There’s also very little acknowledgement of how things work in Canada. The show seems to use CSIS as some kind of fill in for the FBI (or the ever-popular Homeland Security), but the RCMP should be all over this. And this isn’t the only example - in Second Degree Julian is found not guilty in court and, in response, the mayor promises an investigation into the judge who made the decision. Now, we’re all no strangers to politicians making grandiose boasts they can’t back up - but the judiciary is far outside of a mayor’s jurisdiction; at best it’s a provincial or even a federal matter.

And, of course, there’s Dillon and how he runs his police force. And the “his” there is appropriate. Despite being made to step down by the powers that be in the beginning of the series, he is not only reinstated, but he becomes a supreme ruler. He hands his police over to Escher, lock stock and barrel - he overtly states they have been privatised, he openly takes money from Escher which is so beyond illegal that even the most corrupt of police forces would boggle. The media, when they do catch wind of this (though it takes them an awfully long time and the Liber8 hack to achieve this - which is dubious because it’s a rare media that doesn’t have at least a few journalists keeping an eye on the public budget) it barely causes have an episode of trepidation - let alone the full investigation it should do.

Dillon has no oversight, he follows no laws, he is happy hacking into anything, ordering people followed for no reason - and even torture and killing of people at his say so. Not only does he have no-one above him to answer to (especially when you consider he was stripped of his position for incompetence) but the closest we have to any of his officers challenging this is Carlos’s hand wringing. No cop questions him, either his privatisation plans or his torturing people, let alone reports it. Why is this precinct an island? Where are the rest of the city - of the province’s oversight. He had 2 CSIS agents hanging around for some time - did neither of them notice anything?

Perhaps some of this could be explained by showing Escher managing to corrupt the provincial government to an epic degree - but we’re not shown anything remotely resembling that kind of power. In all, it just doesn’t wash. It isn’t believable and it is more than playing fast and loose with the setting.

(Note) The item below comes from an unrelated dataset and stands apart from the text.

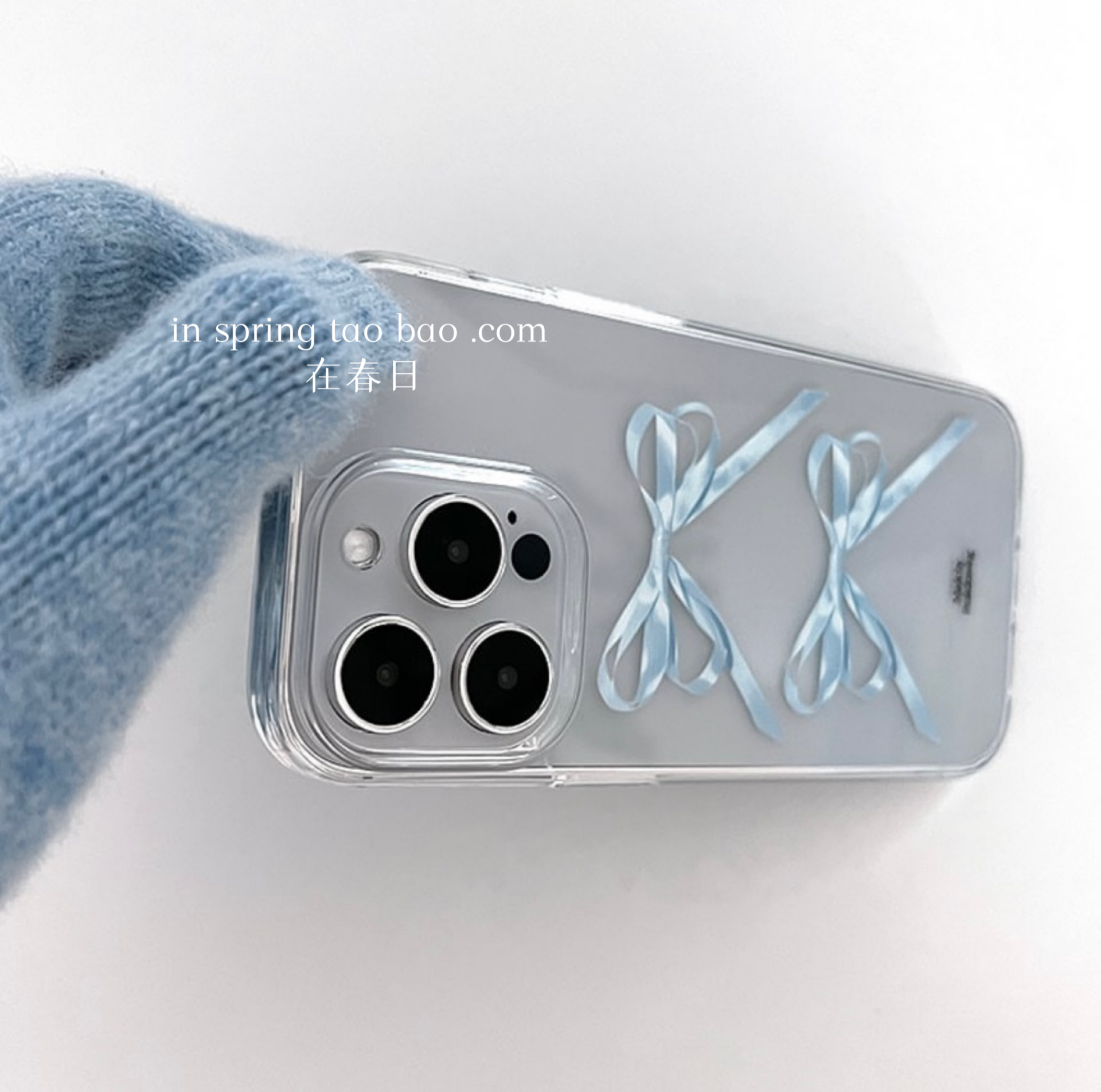 韩国ins同款婴儿蓝蝴蝶结手机壳适用苹果15promax/12软壳iPhone13pro/11/14pro/15全包16promax新款17promax

I can imagine more than a few people are stepping forward to protest that this is fiction. That it doesn’t matter. That we’re nitpicking. But it does matter - apart from anything else it’s blatantly lazy writing; rather than make the effort to take an actual setting and make the story fit it and be part of it, the writers twist the setting however they see fit to shoe-horn their story into it. And not just lazy writing - it damages the story. I want to believe Kiera and her story, but it’s hard to do when I’m snarking over Canadian police happily handing badges over to any random foreigner who claims to be police, honest guv. They break the suspension of disbelief with glaring errors, massive plot holes and a world setting fraying around the edges

It also represents the pervasive dismissal that so often plagues speculative fiction. It doesn’t matter, it’s speculative fiction; it doesn’t have to make sense, it’s speculative fiction. It doesn’t need to be criticised, it’s speculative fiction. It doesn’t need to be well written, it’s speculative fiction. There’s the strong undertone that people who are fans of sci-fi, dystopian, fantasy etc will swallow just about anything, so why does it matter if the plots make sense, the world setting is realistic and researched or the whole thing is solidly written?

It’s that dismissal that not only causes a considerable amount of annoying contempt for the genre - but also prevents the genre being subject to the analysis and critique it needs to grow and change. This is especially true when erasure of minorities is one of the most common ways settings are poorly represented in the genre.